BRIEF: Both the line containing "The Discovery Center" and the line containing "Sac à Dos Cabine" belong to the span. Output exactly that span from the listing below, and nothing outside it.

DATA PROVIDED:

= = = = = = =

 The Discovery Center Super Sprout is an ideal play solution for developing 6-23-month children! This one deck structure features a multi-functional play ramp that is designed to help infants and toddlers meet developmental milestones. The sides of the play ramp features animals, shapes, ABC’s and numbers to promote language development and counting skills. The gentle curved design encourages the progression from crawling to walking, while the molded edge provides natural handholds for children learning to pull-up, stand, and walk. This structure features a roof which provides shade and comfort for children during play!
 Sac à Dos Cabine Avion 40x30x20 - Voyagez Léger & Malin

= = = = = = =

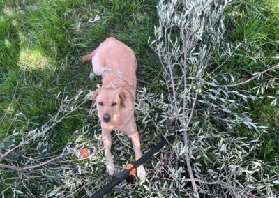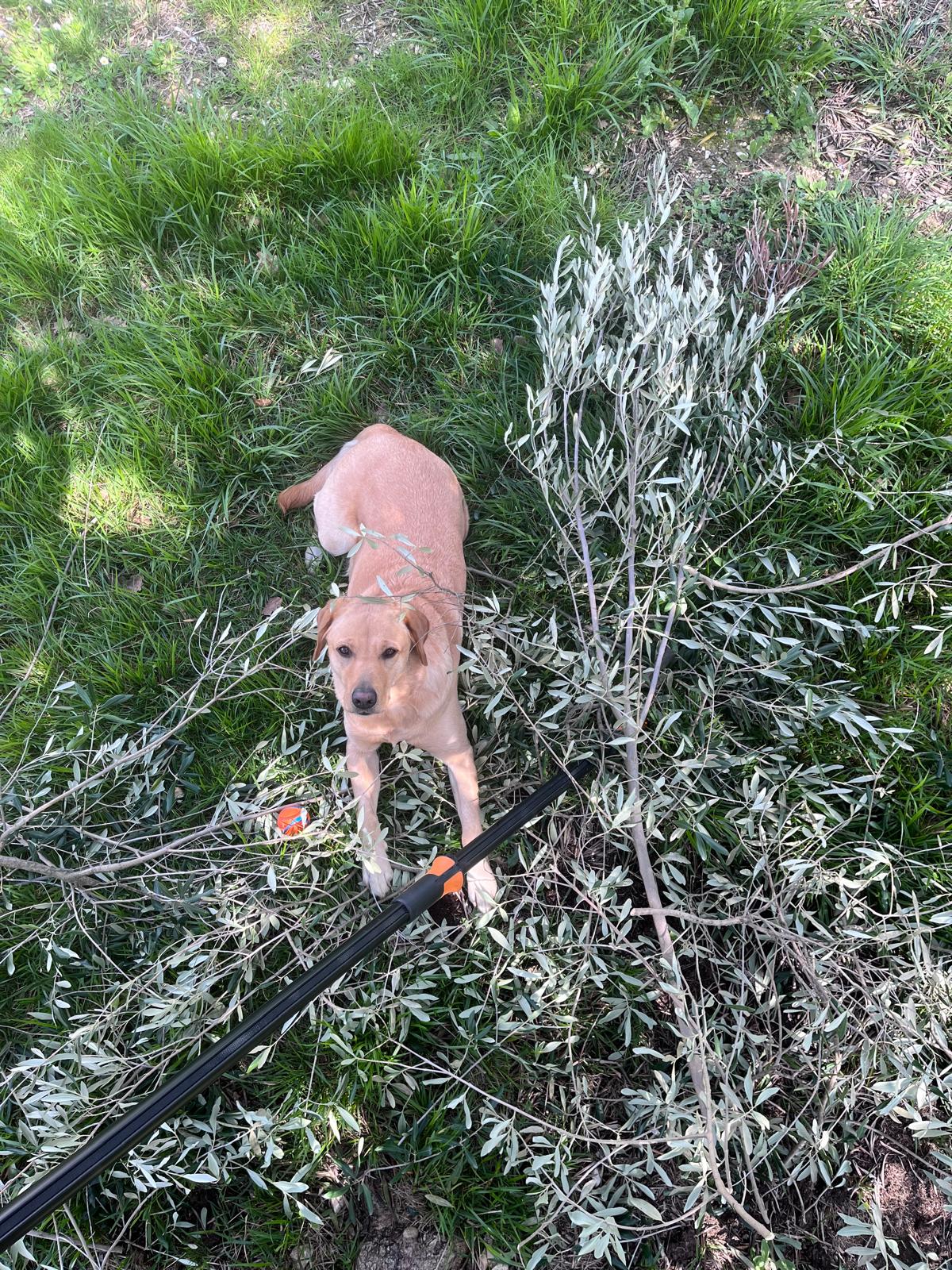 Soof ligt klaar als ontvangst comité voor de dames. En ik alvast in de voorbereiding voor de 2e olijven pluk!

= = = = = = =

WRITTEN REPLY:
 The Discovery Center Super Sprout is an ideal play solution for developing 6-23-month children! This one deck structure features a multi-functional play ramp that is designed to help infants and toddlers meet developmental milestones. The sides of the play ramp features animals, shapes, ABC’s and numbers to promote language development and counting skills. The gentle curved design encourages the progression from crawling to walking, while the molded edge provides natural handholds for children learning to pull-up, stand, and walk. This structure features a roof which provides shade and comfort for children during play!
 Sac à Dos Cabine Avion 40x30x20 - Voyagez Léger & Malin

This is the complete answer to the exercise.